Ahead of them as they took the bend in their turn, a couple of wagons were scudding through the duskiness. Bourbon pricked his ears and laid himself down. Foot by foot he gained. Hammil roared with laughter.
“It’s the Bagg boys racing Dr. Sweet.”
Jerry saw them now.
“Every time those rascals get a new horse off their pa they lay around to race the doctor. They’ve never beat him yet. Nor will they while he drives them chestnuts.”
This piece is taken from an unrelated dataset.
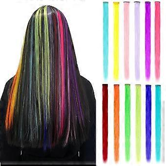 12PCS Colored Hair Extensions Clip in Colorful Hair Extensions 20 Inch Rainbow Hair Extensions for Kids Women's Gifts Red Pink Blue Hair Extensions(12

The Bagg boys were driving a pure-white stallion with a long, combed mane. Jerry saw them draw abreast, but the doctor was coolly holding his course just off the middle of the road and the boys lost nerve.
“He ain’t put on real steam,” said Hammil. “Jerry, do you dasst race the doctor?”
“Sure.”
Jerry felt his heart beat time to Bourbon’s hoofs.
“He gives a man fair road room, but not an inch extry,” Hammil said. “Bourbon ain’t a sprinter, you say, but what can he do in five miles?”
“Let’s try it out!” cried Jerry.
“I’ve got money on it then,” bellowed Hammil. “Bring me up in hearing distance.”
Jerry did not speak to Bourbon. There was no need. Something had infected the cob that morning. He was really racing. No flash of blinding speed, but little by little he was adding to his stride. It was still dark. An angry dog barked at their passing. As Jerry let the reins creep in his fingers, he felt the dew in his face and a rising breath of wind.
He lifted the whip from the socket and just touched Bourbon’s flank. And Bourbon understood. His head dropped a trifle. There was no visible addition to his effort, but the wheels began whining in their boxes.
“I didn’t think a horse of his build could do this,” shouted Hammil. “Boy! Did I do a deal on him?”
Bourbon’s head and tail were joined by his back in a straight line. He began to rock a little to his stride. He went up and up; and the wind thrust against Jerry’s teeth, and all at once he noticed that Hammil was holding on with his hands between his legs, standing in an effort to spring his weight from dead to live by the bend of his knees. The rig seemed stationary now, and the road a streaming ribbon, ash-grey in the dusk. Then the Bagg boys became aware of them but it was too late. Jerry had stolen in on the off side and put Bourbon’s nose against the doctor’s tailboard. The white stallion broke stride and Jerry swung Bourbon across and caught the key position beside the doctor’s nigh hind wheel, and the Bagg boys were shut out for good.